Dataset extract section start

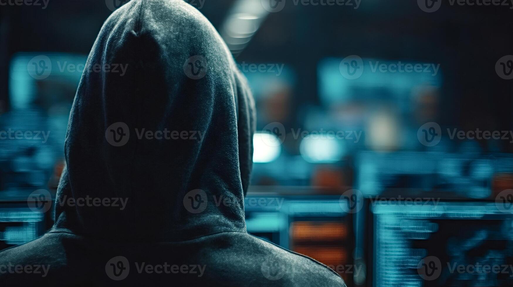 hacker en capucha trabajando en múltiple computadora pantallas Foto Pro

Dataset extract section end
Dataset extract section start

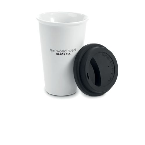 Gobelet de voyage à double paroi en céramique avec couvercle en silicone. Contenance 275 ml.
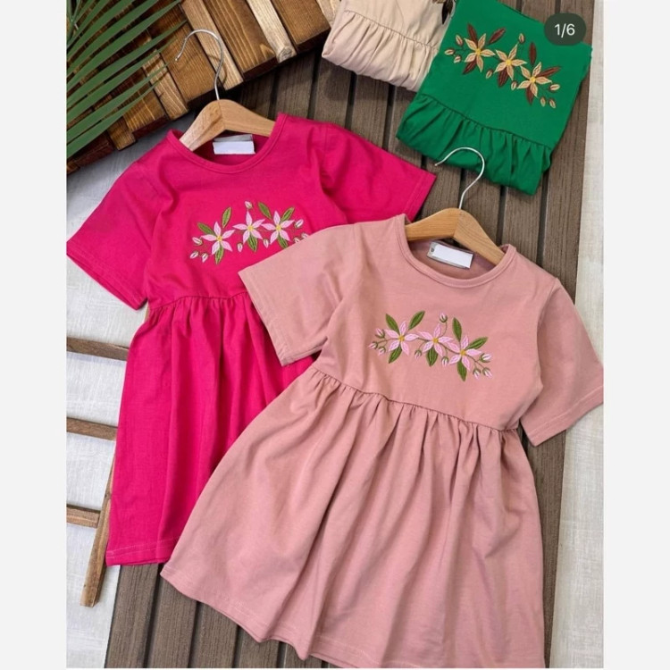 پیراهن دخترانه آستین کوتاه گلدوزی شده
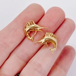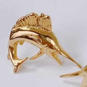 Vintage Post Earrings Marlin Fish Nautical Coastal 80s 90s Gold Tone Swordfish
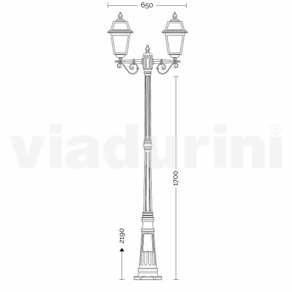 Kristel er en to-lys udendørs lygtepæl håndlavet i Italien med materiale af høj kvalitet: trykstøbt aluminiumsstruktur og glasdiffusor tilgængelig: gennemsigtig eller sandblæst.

Dataset extract section end

■ Work to complete
Of the lines above, quote exactly those from the one with "Vintage Post Earrings" through the one with "Kristel er en", ends included; pictures stay out.

■ Response to the exercise
 Vintage Post Earrings Marlin Fish Nautical Coastal 80s 90s Gold Tone Swordfish
 Kristel er en to-lys udendørs lygtepæl håndlavet i Italien med materiale af høj kvalitet: trykstøbt aluminiumsstruktur og glasdiffusor tilgængelig: gennemsigtig eller sandblæst.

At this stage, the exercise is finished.